Par ailleurs, selon La Dépêche du midi, le toujours mystérieux groupe AZF aurait revendiqué les attentats de Madrid dans une petite annonce parue pendant la semaine du 15 Mars dans « Libération ». Cependant, le commissaire chargé de l'enquête, ne prend pas cette revendication très au sérieux : "Même s'il devient difficile aux terroristes d'AZF de piéger le réseau SNCF depuis que le gouvernement a confié l'entretien et la surveillance des voies à chaque riverain, il paraît douteux que ce groupuscule soit à l'origine des attentats de Madrid. Le mode opératoire n'est en effet pas le même et les répercussions psychologiques sur le gouvernement français sont quasi nulles. Cette petite annonce provient très certainement d'un mauvais plaisant que nous finirons bien par arrêter".

Peut être est-ce parce que, suite à ce genre de revendication fantaisiste, AZF craint d'être poursuivi par la police internationale que, finalement, le jeudi 25 Mars, une huitième lettre arrive simultanément à l'Elysée et au ministère de l'Intérieur. Anne trouva son contenu suffisamment intéressant pour le retranscrire dans son intégralité dans son dossier de presse :

« Afin de remettre les pendules à zéro, tant les vôtres que les nôtres, nous devons porter à votre connaissance les éléments suivants :

1) Il n'y a plus à ce jour de bombes en état de fonctionner sur le réseau ferré français. 2) Fort de l'expérience acquise ces dernières semaines et désormais conscient de ses faiblesses technologiques, logistiques et autres, AZF suspend son action durant le temps nécessaire pour y remédier.

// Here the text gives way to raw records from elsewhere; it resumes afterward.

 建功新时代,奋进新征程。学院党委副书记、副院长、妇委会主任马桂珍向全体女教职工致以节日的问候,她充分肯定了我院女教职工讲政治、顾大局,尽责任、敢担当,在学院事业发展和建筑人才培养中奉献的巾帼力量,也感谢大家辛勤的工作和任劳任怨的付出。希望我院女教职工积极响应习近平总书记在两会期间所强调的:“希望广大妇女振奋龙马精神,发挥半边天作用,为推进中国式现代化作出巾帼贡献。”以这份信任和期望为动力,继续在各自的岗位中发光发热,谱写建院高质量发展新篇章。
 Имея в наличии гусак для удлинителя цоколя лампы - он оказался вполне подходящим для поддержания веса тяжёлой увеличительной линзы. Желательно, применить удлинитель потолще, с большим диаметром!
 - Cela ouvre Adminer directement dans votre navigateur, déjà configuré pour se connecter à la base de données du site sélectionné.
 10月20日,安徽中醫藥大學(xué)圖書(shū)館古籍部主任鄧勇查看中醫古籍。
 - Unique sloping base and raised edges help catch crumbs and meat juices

3) Nous confirmons qu'aucun des membres de notre petite confrérie, ni même ceux de l'entité provisoire d'AZF, ne cultive de grief à l'encontre de quiconque au sein du gouvernement français, ni contre ce dernier en tant que tel. Notre véritable objectif est de porter un coup décisif à l'esprit dévoyé qui préside aujourd'hui à la plupart des actions humaines. Nous pensons que le moyen qui nous a été offert le permet et nous irons jusqu'au bout, sinon la Terre s'en chargera elle-même beaucoup plus brutalement.

"Comme une 'force de dissuasion' n'est perçue comme crédible que si elle est effectivement réelle, nous avons formellement décidé qu'à notre réapparition notre propre 'force de persuasion' reposerait désormais sur une matérialité effective et tangible et qu'aucune parole ne sera plus formulée par AZF qui ne repose sur une stricte réalité. "La publicité ne nous gêne guère mais n'intéresse personne. Lorsque nous le demanderons, payez donc sans façons et n'en parlons plus, sinon la France surpassera sans gloire les tristes records espagnols.

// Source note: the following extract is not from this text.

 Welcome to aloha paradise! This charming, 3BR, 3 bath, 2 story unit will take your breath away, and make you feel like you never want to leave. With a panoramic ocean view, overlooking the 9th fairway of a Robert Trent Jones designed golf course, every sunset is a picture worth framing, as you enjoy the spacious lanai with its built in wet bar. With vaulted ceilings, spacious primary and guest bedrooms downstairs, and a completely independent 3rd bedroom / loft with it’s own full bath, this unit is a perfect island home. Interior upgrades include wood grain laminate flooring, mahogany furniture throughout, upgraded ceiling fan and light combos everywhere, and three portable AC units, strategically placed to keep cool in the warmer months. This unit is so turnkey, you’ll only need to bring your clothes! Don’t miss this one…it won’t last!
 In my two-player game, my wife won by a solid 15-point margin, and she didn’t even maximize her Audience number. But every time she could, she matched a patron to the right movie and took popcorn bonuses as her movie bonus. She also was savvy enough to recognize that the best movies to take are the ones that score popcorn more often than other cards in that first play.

"Comprenez donc bien que nous n'entendons nullement renoncer à obtenir la somme qui nous est nécessaire que vous devriez plutôt considérer comme une 'subvention', un formidable retour d'ascenseur étant possible pour le gouvernement français avant la fin des deux années qui viennent, cela bien sûr si son sommet se montre intelligent et courageux. Dans le cas contraire d'autres saurons bien en profiter.

Sans rancune et à bientôt.

Le porte-parole d'AZF »

La formulation de ce début de lettre fit sourire Anne : « Fort de l'expérience acquise ces dernières semaines et désormais conscient de ses faiblesses technologiques, logistiques et autres ». Ces terroristes là étaient quand même bien naïfs. Imaginerait-on l'ETA ou les nationalistes corses proposer de désarmer car ils sont « conscients de leurs faiblesses technologiques », chaque fois qu'une de leurs bombes est désamorcée avant d'exploser ? Et que signifiait cette phrase sur le « formidable retour d'ascenseur ». Pensent-ils vraiment convaincre quelqu'un qu'ils seront un jour en position de faire cela ?

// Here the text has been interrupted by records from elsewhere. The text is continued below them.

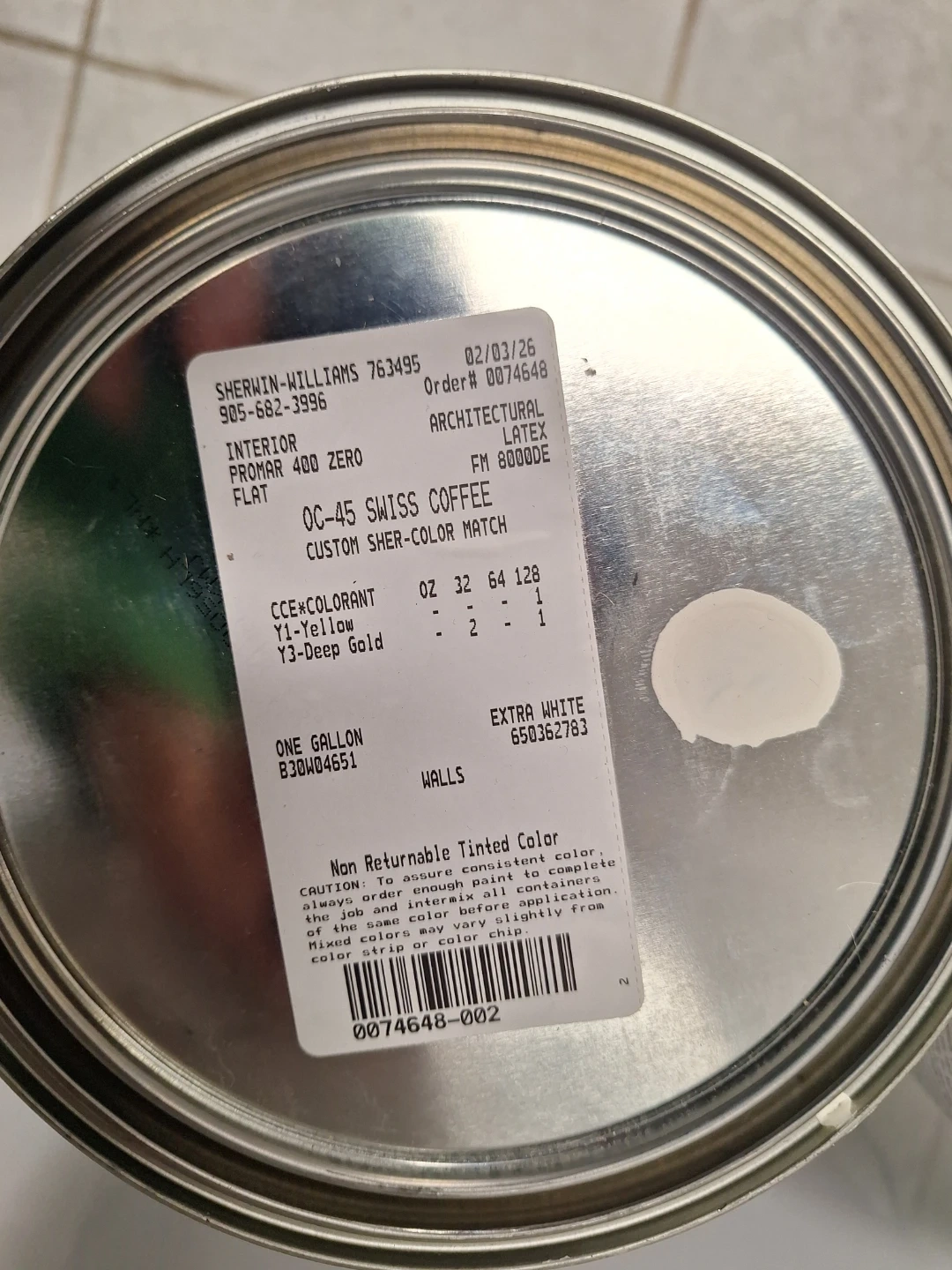 Four gallons of Sherwin-Williams ProMar 400 interior paint in Extra White. It's a flat/mate finish architectural latex paint. Custom Sher-color match OC-45 Swiss Coffee. Total of 3.66 L per gallon. Selling as lot only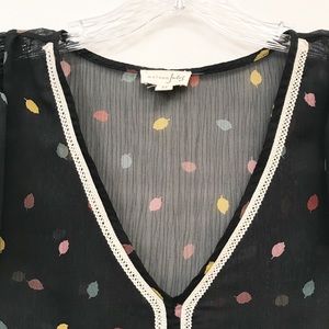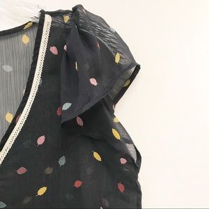 Masion Jules • Women’s Sheer V-Neck Leaf Top Sz M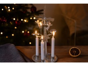 Klasické andělské zvonění přináší kouzlo Vánoc přímo k vám domů. Jakmile se svíčky zapálí, rozehrají se jemné tóny cinkajících zvonků – nostalgická připomínka dětství a klidných svátečních večerů. Elegantní stříbrný design se hodí do moderních i tradičních interiérů. Skvělý jako dárek i jako součást vánoční výzdoby.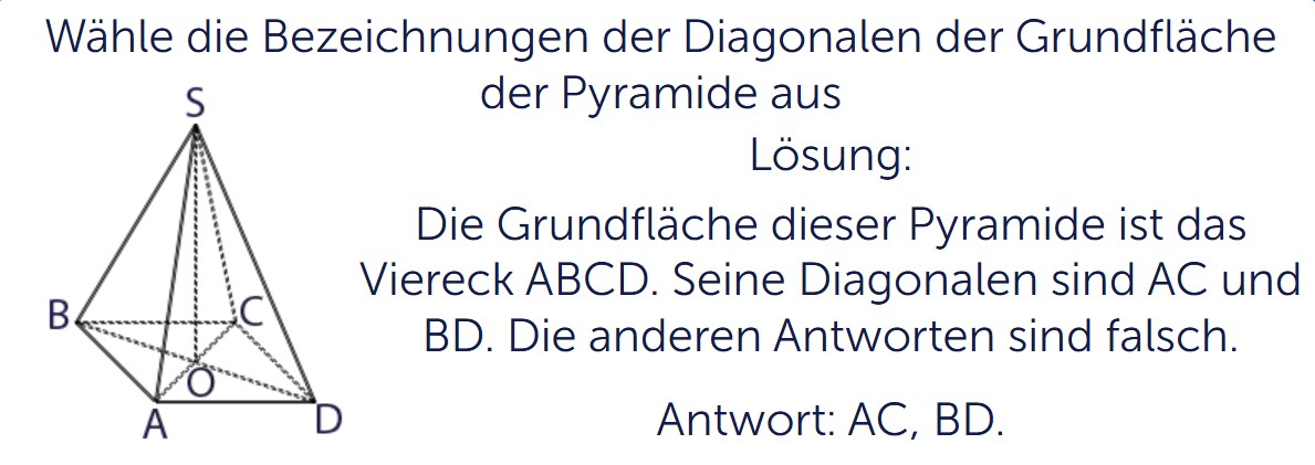 Bei einem Quader ist das besonders gut zu erkennen. Zur Grundfläche gehören die Seitenflächen, die direkt an ihr entlanglaufen. Diese Seitenflächen stehen senkrecht auf der Grundfläche. In der Aufgabe helfen dir die Namen der Flächen. Eine Fläche wird immer durch ihre Eckpunkte benannt. Du musst also genau schauen, welche Punkte zusammen eine Seitenfläche des Quaders bilden.

Naïveté encore que le passage sur la force de dissuasion. Le groupe n'admet-il pas implicitement par ces mots que ses membres ont bluffé ? Comment espère-il être pris au sérieux par la suite ?

Quant à la « subvention » demandée, Anne se dit qu'elle aussi en aurait l'usage. Elle n'avait toujours pas pris de vacances…

De fait, on n'entendit plus parler d'AZF pendant plusieurs mois, jusqu'à la réception le 12 juillet des cinq lettres qui avaient retenu l'attention du directeur de la rédaction.